Democrito applica, come testimoniano anche alcuni scritti ippocratici a lui molto vicini, questo principio meccanicistico anche alla biologia, alla fisiologia, alla patologia. La circolazione sanguigna si spiega con l’ingegnosissima fisica dell’horror vacui: quando un vuoto si viene a creare nel corpo, gli umori vi affluiscono per risucchio. Tutti i movimenti antigravitazionali dei fluidi corporei si spiegano per riempimento e svuotamento degli organi che regiscono automaticamente ai cambiamenti fisici. È anche possibile guarire un malato estraendo un (supposto) umore dannoso attraverso la pelle. Basta creare artificialmente l’effetto ventosa (coppettazione). Ecco l’origine pseudoscientifica delle coppette della nonna applicate sulla pelle e del fenomeno dei muscoli a pois di Michael Phelps alle Olimpiadi di Rio.

 

Le teorie della materia dei due filoni sono incompatibili tra loro e sono alla base di una opposta visione del mondo.

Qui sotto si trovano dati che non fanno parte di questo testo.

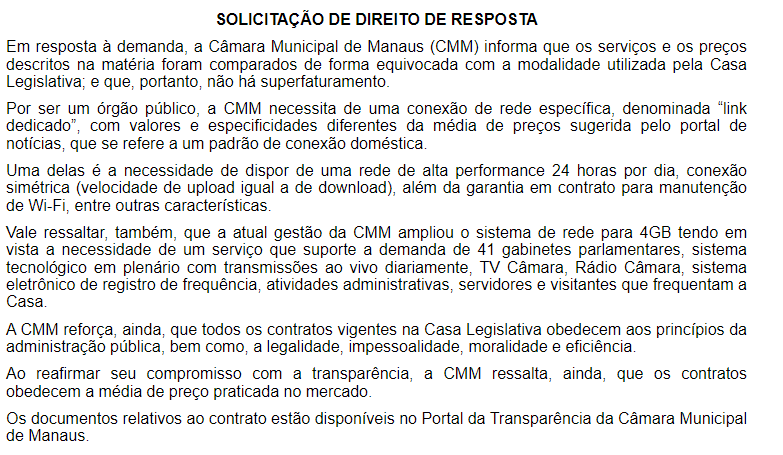 A Câmara Municipal de Manaus (CMM), solicitou ao Portal Alex Braga um direito de resposta três dias depois da matéria publicada, mesmo sendo notificada sobre os movimentos da construção da matéria.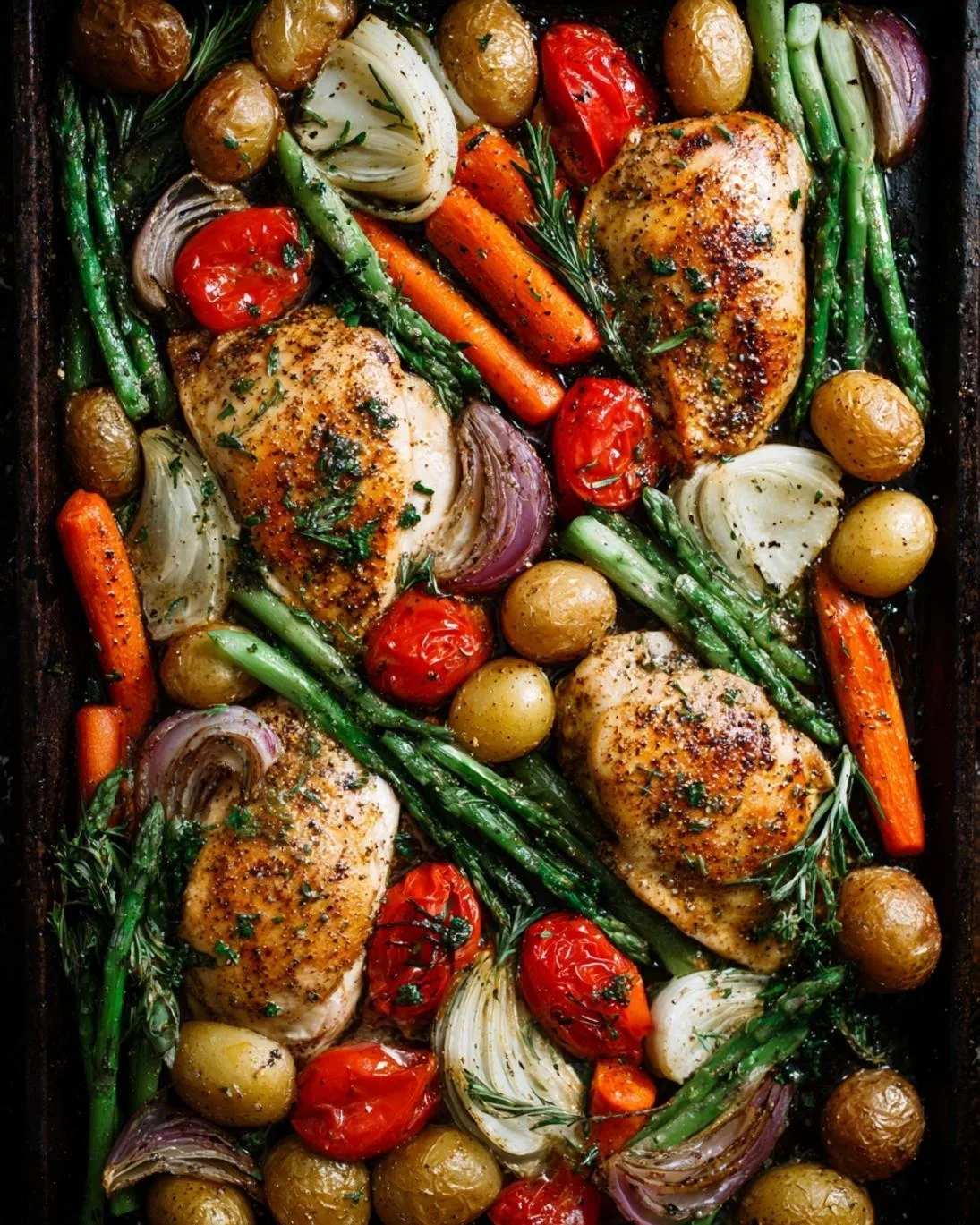 A3: If using boneless, skinless chicken breasts, cut them into pieces that are similar in size to your vegetables to ensure even cooking. Avoid overcooking by using an instant-read thermometer; remove the pan from the oven as soon as the chicken reaches an internal temperature of 165°F (74°C). Chicken thighs are naturally more forgiving and less prone to drying out.

Molto spesso, nel corso dei secoli, quella tensione che produce conoscenza si riproduce: si pensi alla fase vacuista (vuoto negli interstizi tra i corpuscoli) e alla fase pienista (non c’è vuoto negli interstizi tra i corpuscoli) di Galileo che si è formato su Erone, o degli altri grandi corpuscolaristi del ‘600, alle letture contrapposte del fenomeno luminoso (luce discreta in Newton e luce continua in Huygens come nella teoria elettromagnetica di Maxwell) che trovano esplicitazione teorica nella seconda antinomia di Kant (Critica della ragion pura, B 462-463); oppure ancora alla lettura della materia a livello subatomico nella meccanica quantistica della prima metà del ‘900: particelle elementari/quanti oppure onde, o entrambe le cose? Le teorie della materia dei grandi filosofi del passato sono inscindibili dalla loro visione culturale, etica e politica e dalle parole per esprimerla. Il sapere è uno e le diverse sue manifestazioni si sono autodefinite in funzione delle altre o in antitesi alle altre.

 

Di recente è nata EpiStoa che intende promuovere, partendo dalla scuola, i grandi valori europei etico-politici degli «human rights, democracy and the rule of law», ma lo fa con sguardo antico promuovendo la conoscenza delle lingue (il greco, il latino) che hanno contribuito a crearli attraverso l’arte, la letteratura e il pensiero scientifico. Ha un nome felice: nasce dalla fusione di epicureismo e stoicismo ma lo si può leggere anche come: EpiStoa («Sulla scuola stoica»), che richiama a sua volta «Episteme» («scienza/conoscenza/sapere»), ma non intende stare seduta a guardare le stratificazioni della Stoà dimenticando il Kepos, la scuola di Epicuro.